[Start of section]

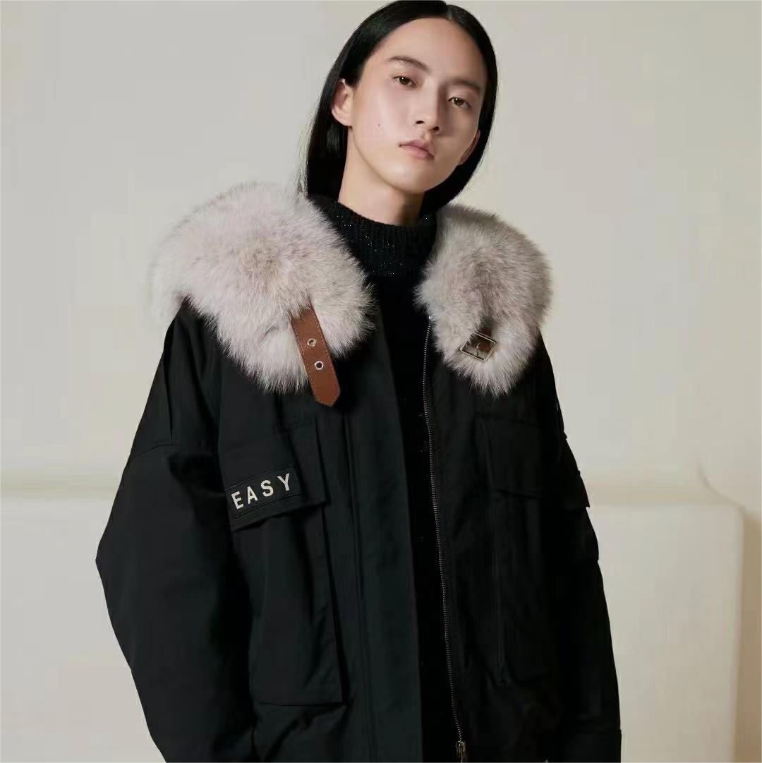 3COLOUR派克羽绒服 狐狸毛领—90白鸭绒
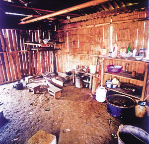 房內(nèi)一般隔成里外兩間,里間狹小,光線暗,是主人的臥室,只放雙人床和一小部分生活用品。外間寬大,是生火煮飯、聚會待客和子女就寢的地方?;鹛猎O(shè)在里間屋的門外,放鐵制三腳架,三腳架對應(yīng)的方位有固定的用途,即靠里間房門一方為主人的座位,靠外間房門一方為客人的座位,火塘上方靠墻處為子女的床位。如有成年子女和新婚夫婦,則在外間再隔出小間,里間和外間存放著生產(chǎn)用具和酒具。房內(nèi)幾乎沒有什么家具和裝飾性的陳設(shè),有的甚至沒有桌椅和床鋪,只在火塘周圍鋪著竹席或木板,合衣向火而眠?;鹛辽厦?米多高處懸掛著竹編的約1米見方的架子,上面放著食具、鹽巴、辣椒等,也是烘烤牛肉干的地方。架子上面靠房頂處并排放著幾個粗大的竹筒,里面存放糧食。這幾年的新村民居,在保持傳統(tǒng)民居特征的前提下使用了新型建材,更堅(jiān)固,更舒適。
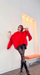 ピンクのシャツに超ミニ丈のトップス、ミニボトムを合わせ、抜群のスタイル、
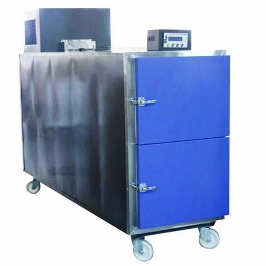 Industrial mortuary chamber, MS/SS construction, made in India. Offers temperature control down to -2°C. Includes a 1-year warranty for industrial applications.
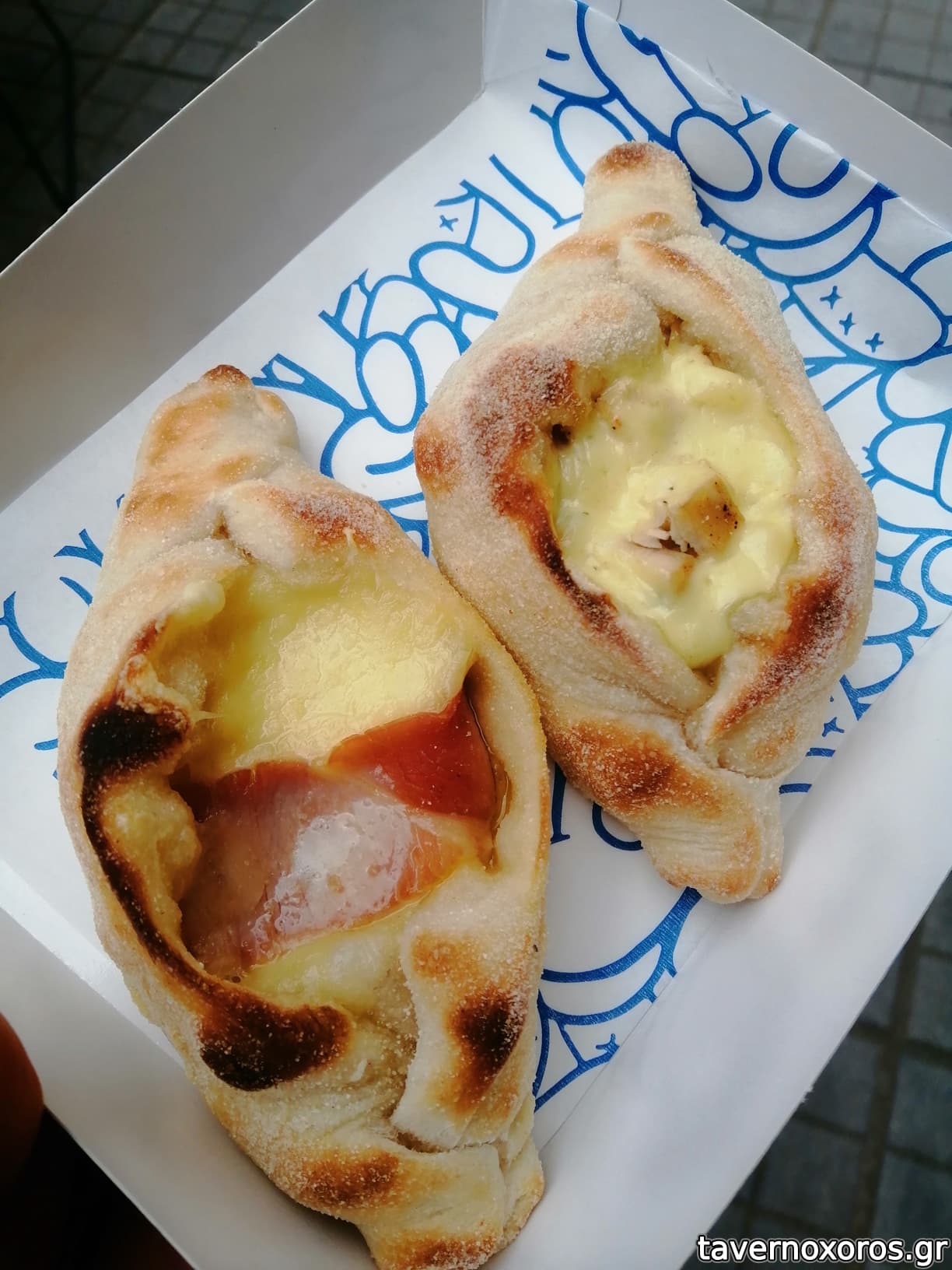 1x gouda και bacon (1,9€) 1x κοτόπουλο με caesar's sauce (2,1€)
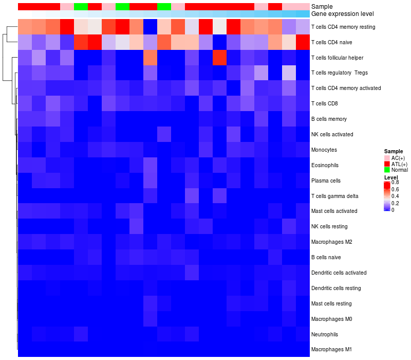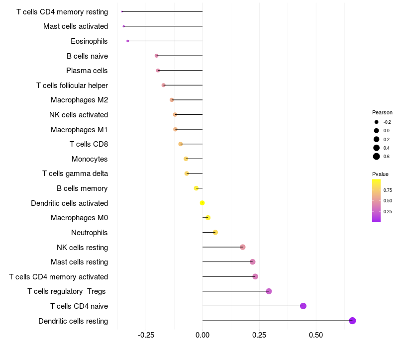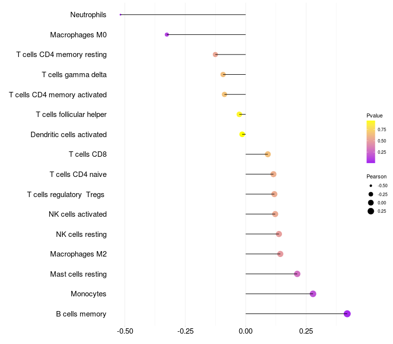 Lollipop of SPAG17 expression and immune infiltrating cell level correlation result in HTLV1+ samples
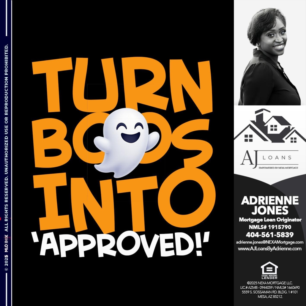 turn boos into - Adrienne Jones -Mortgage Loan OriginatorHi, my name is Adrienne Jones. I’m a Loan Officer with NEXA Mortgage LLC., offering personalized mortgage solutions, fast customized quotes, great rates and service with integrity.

[End of section]
[Start of section]

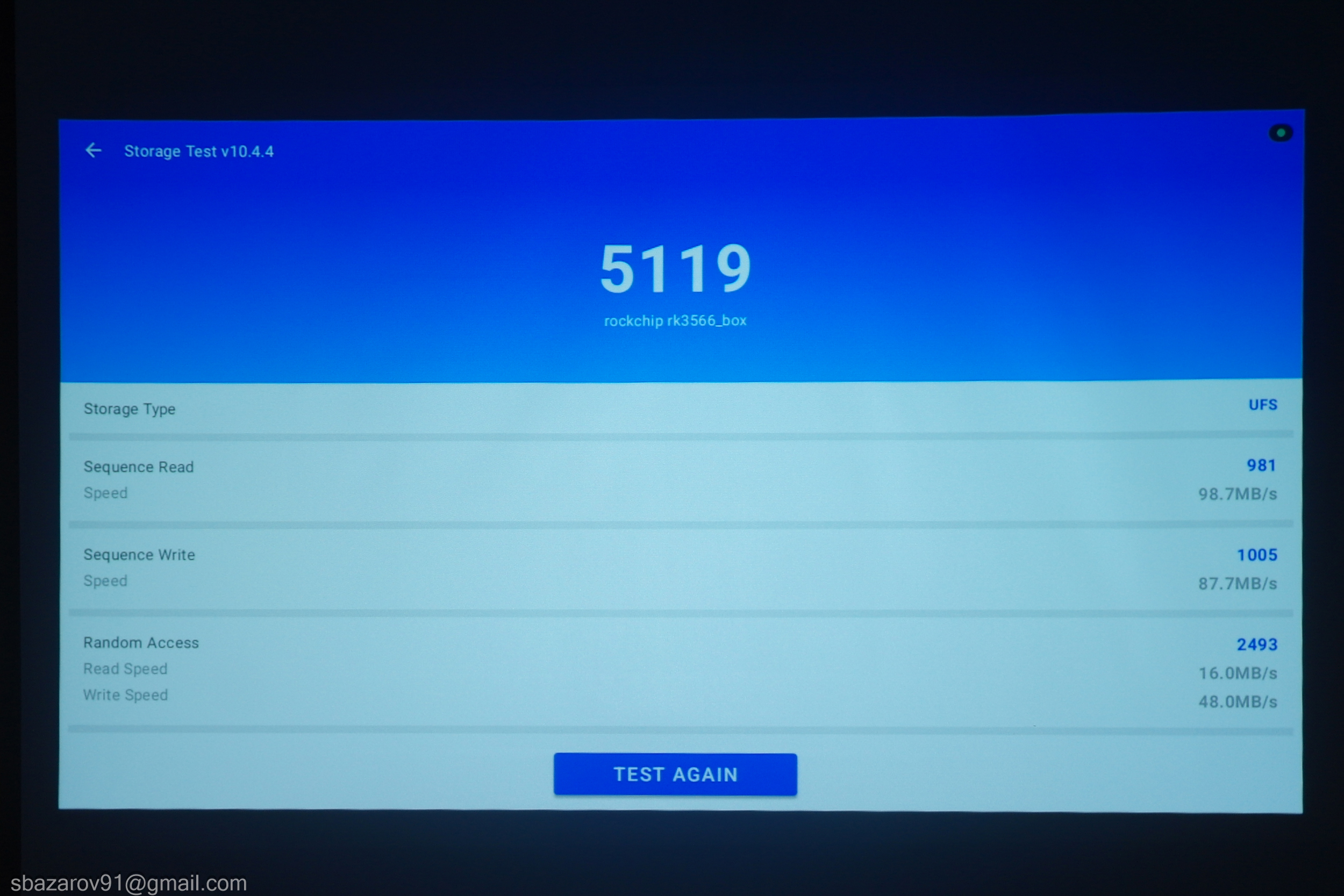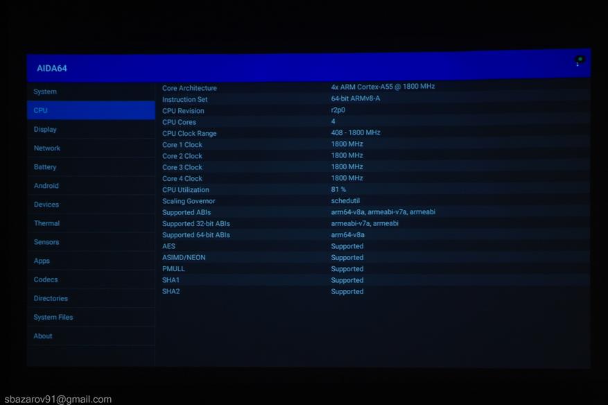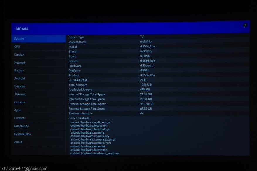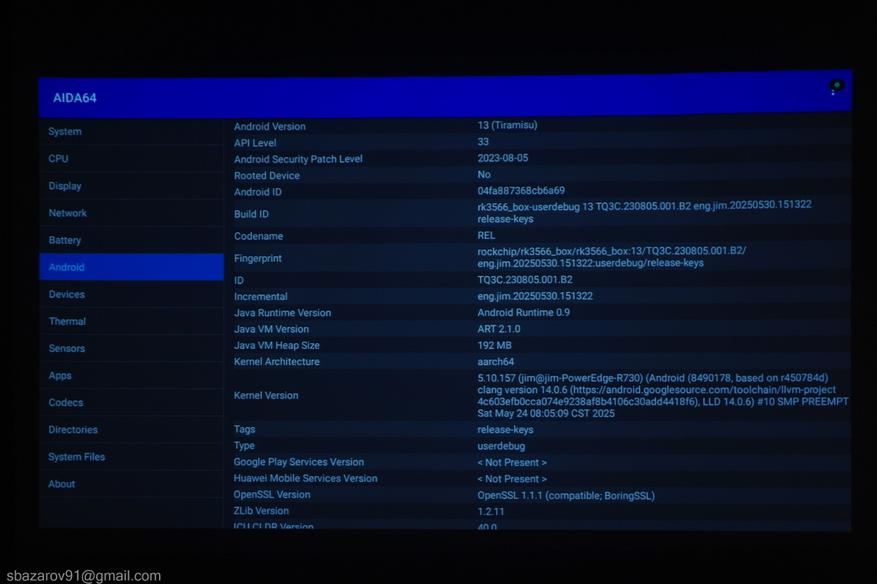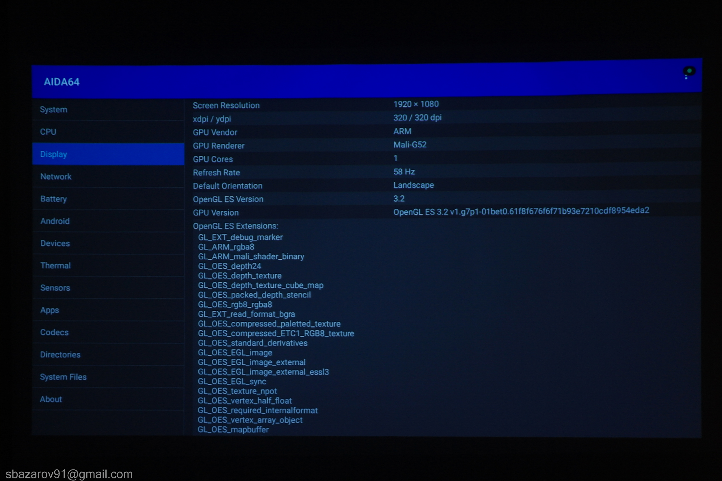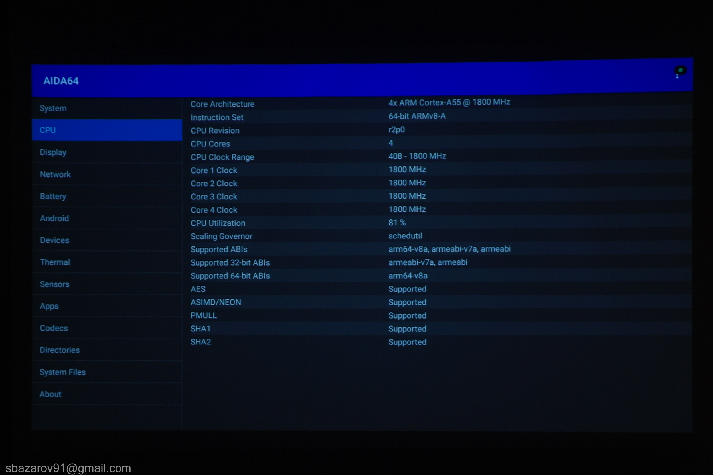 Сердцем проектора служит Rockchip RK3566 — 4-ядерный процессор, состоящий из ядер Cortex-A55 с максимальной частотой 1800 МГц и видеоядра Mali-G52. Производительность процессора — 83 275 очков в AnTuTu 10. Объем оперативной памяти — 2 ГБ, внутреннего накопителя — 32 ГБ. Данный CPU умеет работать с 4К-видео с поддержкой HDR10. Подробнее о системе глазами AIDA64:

[End of section]
[Start of section]

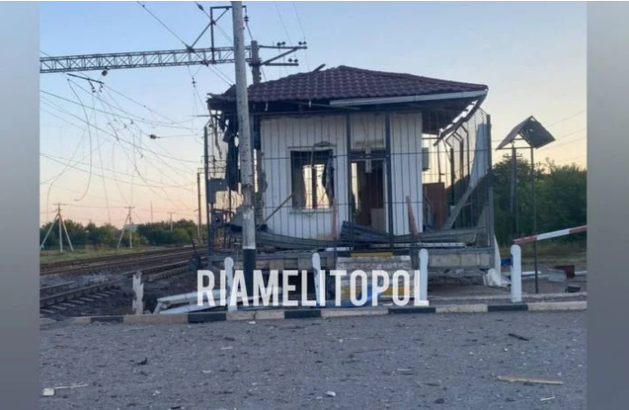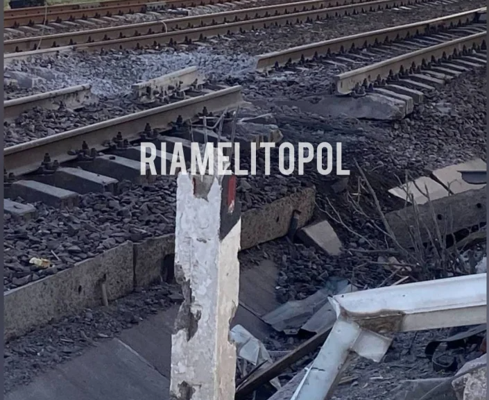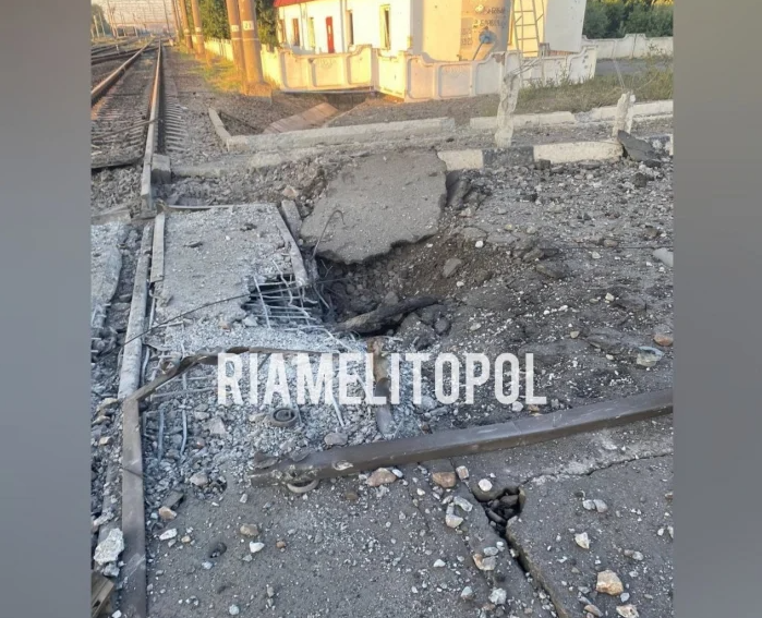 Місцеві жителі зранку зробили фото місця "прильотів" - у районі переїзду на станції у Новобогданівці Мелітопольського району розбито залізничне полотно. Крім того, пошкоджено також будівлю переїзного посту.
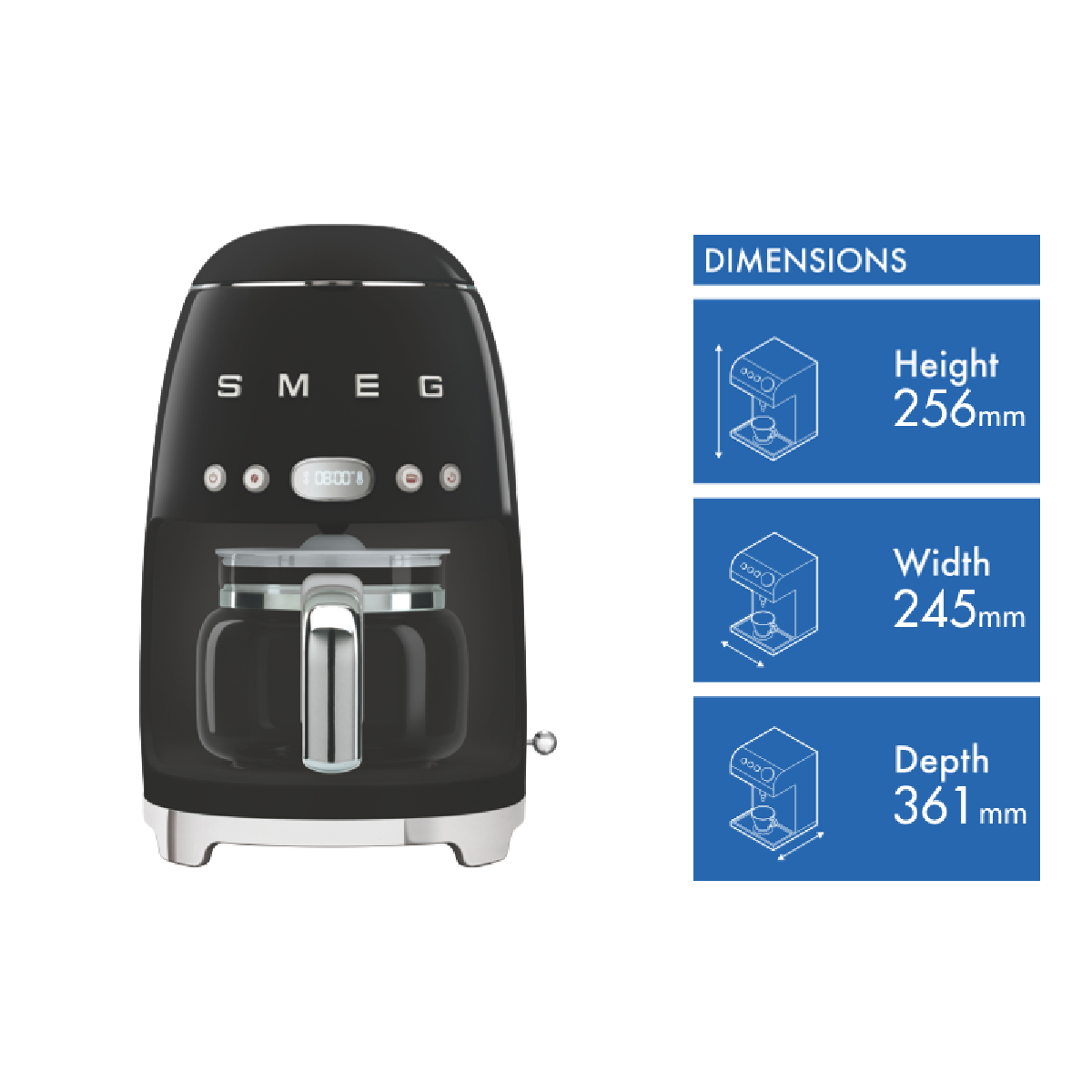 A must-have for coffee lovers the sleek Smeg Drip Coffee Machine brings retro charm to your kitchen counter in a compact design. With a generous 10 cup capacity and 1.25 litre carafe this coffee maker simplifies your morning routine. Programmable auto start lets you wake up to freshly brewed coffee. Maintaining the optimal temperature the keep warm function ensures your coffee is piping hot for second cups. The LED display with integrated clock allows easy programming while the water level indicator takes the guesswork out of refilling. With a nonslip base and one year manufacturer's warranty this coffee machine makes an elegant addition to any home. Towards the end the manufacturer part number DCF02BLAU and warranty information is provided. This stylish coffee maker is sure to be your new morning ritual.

[End of section]

### Task to carry out
In the listing above, find the line containing "1x gouda και". Output it and every line after it up to and including the line containing "turn boos into", exactly, but skip the pictures.

### Response to the exercise
 1x gouda και bacon (1,9€) 1x κοτόπουλο με caesar's sauce (2,1€)
 Lollipop of SPAG17 expression and immune infiltrating cell level correlation result in HTLV1+ samples
 turn boos into - Adrienne Jones -Mortgage Loan OriginatorHi, my name is Adrienne Jones. I’m a Loan Officer with NEXA Mortgage LLC., offering personalized mortgage solutions, fast customized quotes, great rates and service with integrity.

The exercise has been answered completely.